WORK REQUEST:
Starting with the line that has "Le Photo-Club de" and finishing with the line that has "Görsel 23. Oyuncak", set down each line below exactly. Pictures are not copied.

MATERIAL SUPPLIED:
--- START ---

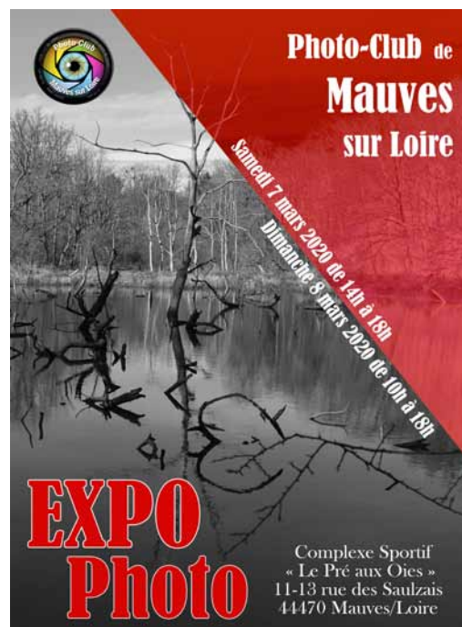
PHOTO CLUB DE MAUVES

Le Photo-Club de Mauves-sur-Loire présentera son exposition annuelle le samedi 7 mars de 14h à 18h et le dimanche 8 mars de 10h à 18h dans la salle René-Guy Cadou au Pré aux Oies.
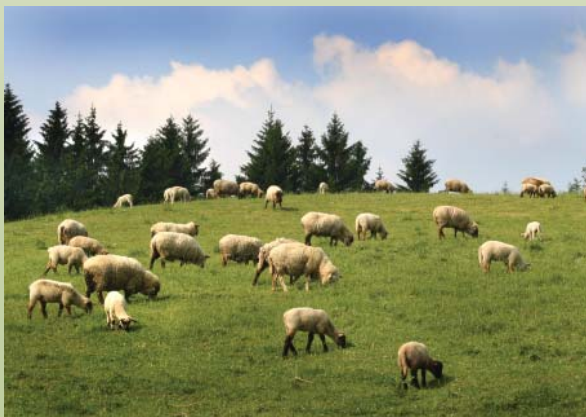
Pastvou ovčí jsou udržována i chráněná maloplošná území (na obrázku PR Ploščiny, CHKO Bílé Karpaty)

Konzumací jehněčího masa podpoříte místní farmáře, kteří v krajině žijí a hospodaří a rozhodující měrou se podílejí na záchraně druhově bohatých luk a pastvin.
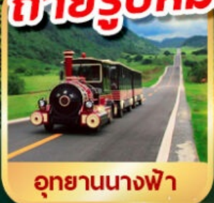
อุทยานนางฟ้า
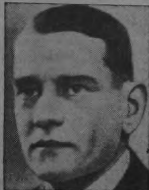
PRESIDENTE COTY ...condecoró a Figueres...
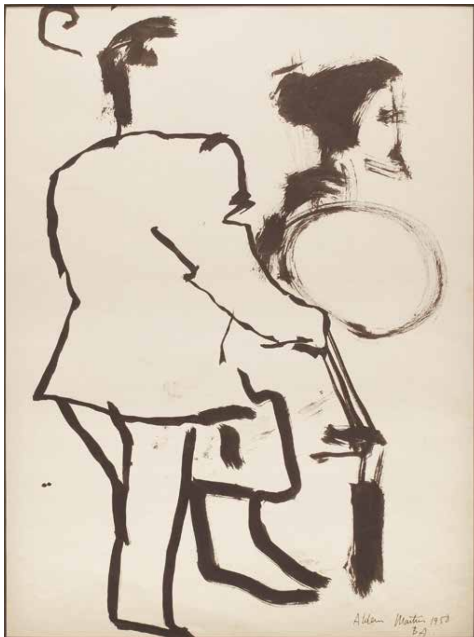
Sin título Tinta sobre papel - Año: 1958 Medidas: 40 x 30 cm
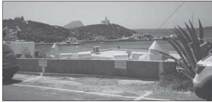
Οριοθέτηση ιδιωτικού χώρου στάθμευσης εν αγνοία του Δήμου.
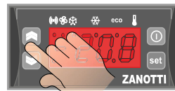
Zmiana nastawy temperatury

Po wyświetleniu wartości nastawy używając przycisków UP/DOWN zmień wartość (zatwierdzenie nastawy następuje po 15 sekundach)
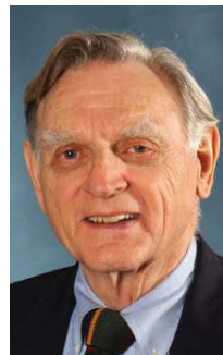
John B. Goodenough
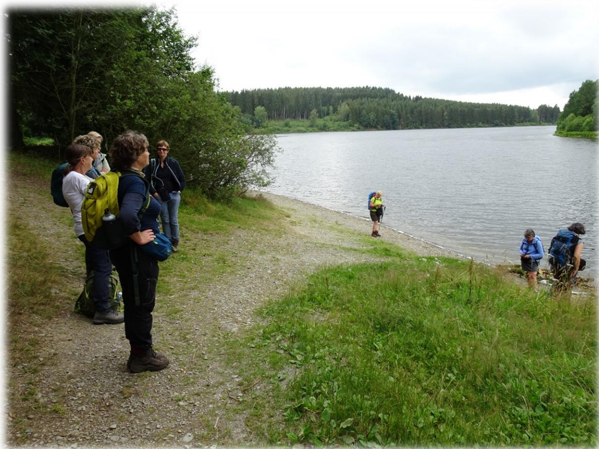
Deze wandeling komt ook even tot aan het meer van Bütgenbach.
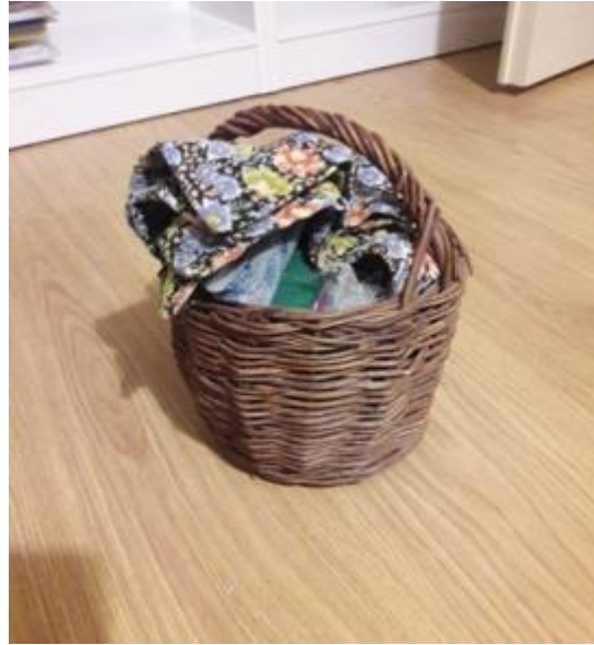
Görsel 23. Oyuncak Sepet 20x20x25 cm., 2019, Kargı, Eğirdir, Balkırı Köyü/Isparta.
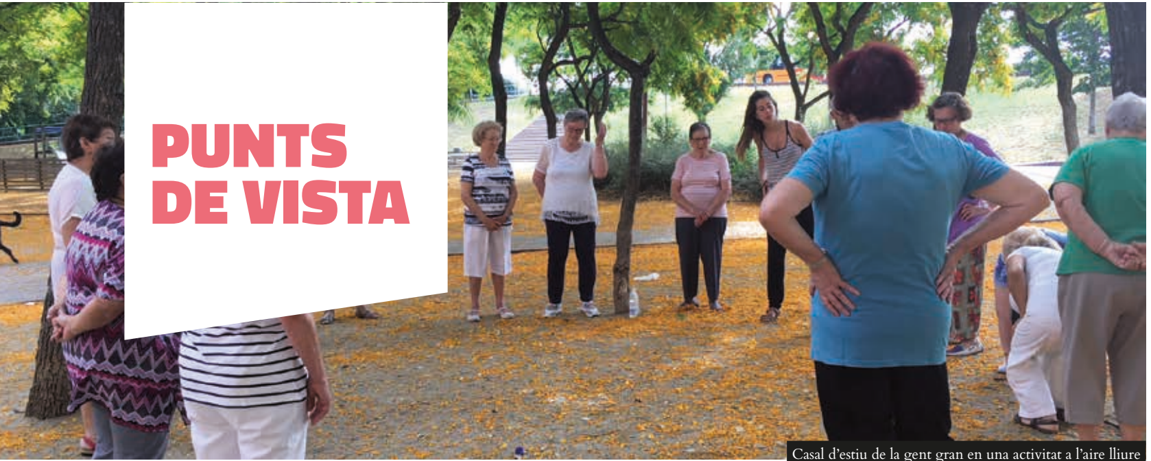
Casal d'estiu de la gent gran en una activitat a l'aire lliure
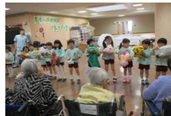
▲保育園児との交流会
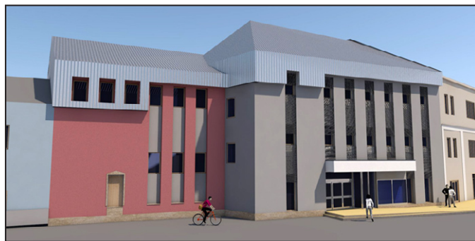
Vizualizace fasády podle architekta

--- END ---

RESULT OF THIS EXERCISE:
Le Photo-Club de Mauves-sur-Loire présentera son exposition annuelle le samedi 7 mars de 14h à 18h et le dimanche 8 mars de 10h à 18h dans la salle René-Guy Cadou au Pré aux Oies.
Pastvou ovčí jsou udržována i chráněná maloplošná území (na obrázku PR Ploščiny, CHKO Bílé Karpaty)

Konzumací jehněčího masa podpoříte místní farmáře, kteří v krajině žijí a hospodaří a rozhodující měrou se podílejí na záchraně druhově bohatých luk a pastvin.
อุทยานนางฟ้า
PRESIDENTE COTY ...condecoró a Figueres...
Sin título Tinta sobre papel - Año: 1958 Medidas: 40 x 30 cm
Οριοθέτηση ιδιωτικού χώρου στάθμευσης εν αγνοία του Δήμου.
Zmiana nastawy temperatury

Po wyświetleniu wartości nastawy używając przycisków UP/DOWN zmień wartość (zatwierdzenie nastawy następuje po 15 sekundach)
John B. Goodenough
Deze wandeling komt ook even tot aan het meer van Bütgenbach.
Görsel 23. Oyuncak Sepet 20x20x25 cm., 2019, Kargı, Eğirdir, Balkırı Köyü/Isparta.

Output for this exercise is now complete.